История в волюнтаристической концепции Ницше предстает как процесс становления воли к власти, где периоды упадка сменяются периодами повышения степеней власти. Древнегреческая культура и французская культура времен Людовика XIV характеризуются Ницше положительно. Им свойственны решительная вера в себя, наличие «сословия праздных, всячески усложняющих себе жизнь и постоянно упражняющихся в самообладании», «могущество формы и воля к самооформливанию», «много силы и энергии за внешним формализмом», «наслаждение созерцанием». Эпоха Возрождения и Реформации предстают как «царство индивида, стремящегося к свободе и давшего волю своим инстинктам, которые «вырвались наружу, как свора диких псов». «Грубейшие потребности внезапно обрели смелость», «все стало казаться оправданным», прикрытые глаза и «уста, увлажненные мечтательными речами», не мешали тому, что «все вожделения зависти и мести утолялись с ненасытимою яростью». Но «царства» эти были краткосрочными, расточительными и быстро истощили себя».

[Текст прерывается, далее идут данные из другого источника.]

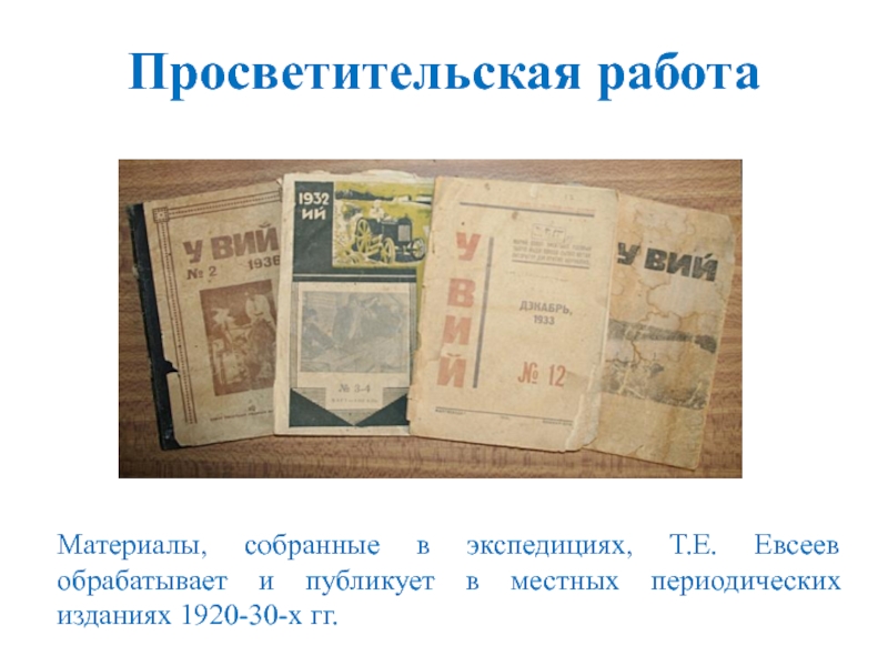 Материалы, собранные в экспедициях, Т.Е. Евсеев обрабатывает и
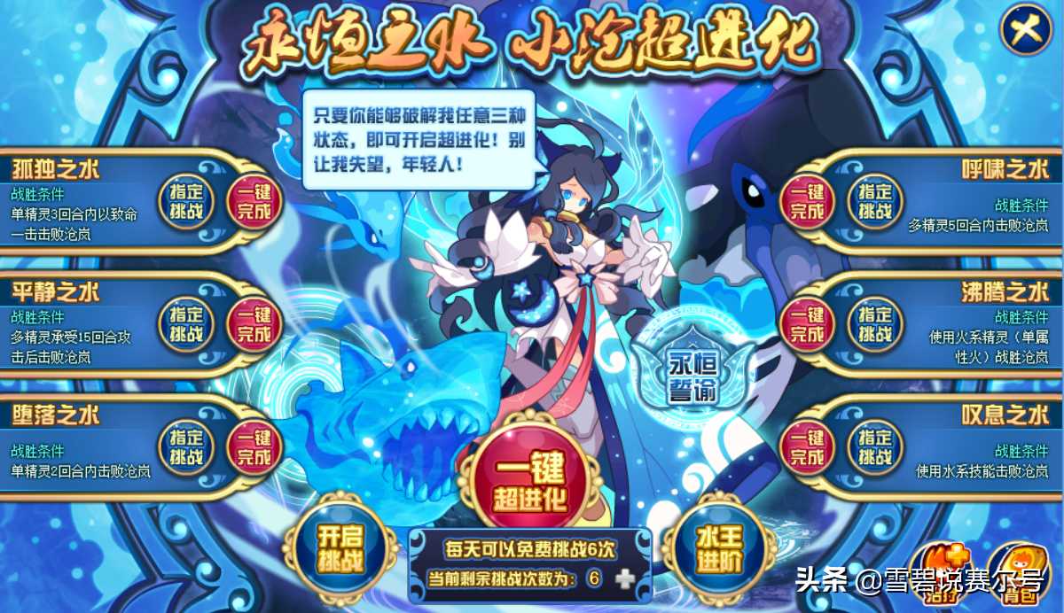 多精灵5回合击败,最简单的条件,但是根本抽不到;单精灵用火系精灵击败,2命,基本就是猩猩完全体带个瞬杀珠子或瞬杀特性慢慢磨死;5命,要求水系技能击败,最阴间的特性,目前的打法也只是用圣雷,黑胖拼脸杀一命是一命,表姐接强攻精灵硬打。
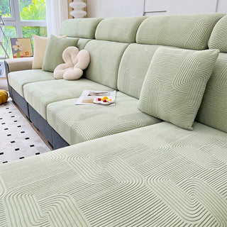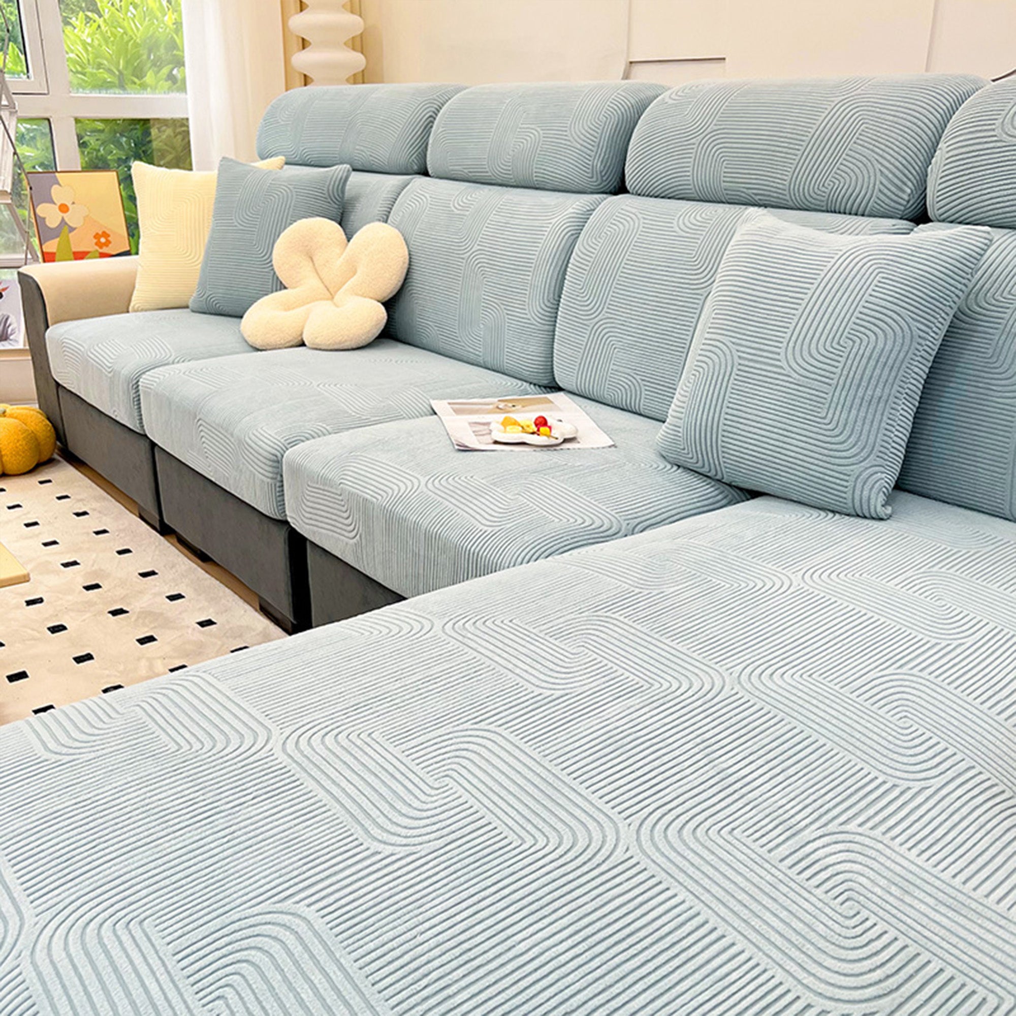 Elegante copridivano elasticizzato in jacquard lineare – Protezione antiscivolo e avvolgente
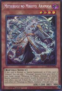 Description: If this card is Normal or Special Summoned, or if this card is Tributed: You can add 1 "Mitsurugi" monster from your Deck to your hand, except "Mitsurugi no Mikoto, Aramasa". If another Reptile monster(s) you control would be destroyed by battle or card effect, you can Tribute this card instead. You can only use each effect of "Mitsurugi no Mikoto, Aramasa" once per turn.

Ницше описывает, что Бог либо сильный, либо добрый. Где понижается воля к власти в какой бы то ни было форме, там всякий раз происходит также и физиологический спад. Данное Божество, кастрированное в сильнейших своих мужских добродетелях и влечениях, делается теперь по необходимости Богом физиологически вырождающихся, Богом слабых. Сами себя они не называют слабыми, они называют себя “добрыми”.14

Говоря о сильных расах северной Европы, автор утверждает их ошибку, что они не оттолкнули от себя христианского Бога, они должны были справиться со слабым, а теперь они вынуждены иметь инстинкты болезненности и слабости.15

Ницше утверждает, что христианство и буддизм очень непохожи друг на друга. Буддизм уже прошел многие стадии за сотни лет своего развития, в то время как в христианстве все слабые части сохранились. Буддизм во сто раз реальнее христианства, - он представляет собою наследие объективной и холодной постановки проблем. Буддизм есть единственная истинно позитивистская религия, встречающаяся в истории. Молитва исключается, равно как и аскеза. Никакого категорического императива, никакого принуждения вообще, даже внутри монастырской общины.16

Чрезвычайно мягкий климат, кротость и либеральность в нравах, отсутствие милитаризма - вот условия, предрасполагающие к буддизму. Буддизм не есть религия, в которой лишь стремятся к совершенству: совершенное здесь есть нормальный случай. В христианстве инстинкты подчинённых и угнетённых выступают на передний план: именно низшие сословия ищут в нём спасения.17

После того, как религия христианство захватило низшие сословия, апеллируя к их боли и страданиям, оно направилось на племена варваров. Христианство хочет приобрести господство над дикими зверями, средством его для этого является - сделать их больными. Делать слабым - это христианский рецепт к приручению, к “цивилизации”. Буддизм есть религия цивилизации, приведшей к усталости, близящейся к концу, христианство ещё не застаёт такой цивилизации, - при благоприятных обстоятельствах оно само её устанавливает.18

Ницше утверждает, что буддизм, повторяю ещё раз, в сто раз холоднее, правдивее, объективнее.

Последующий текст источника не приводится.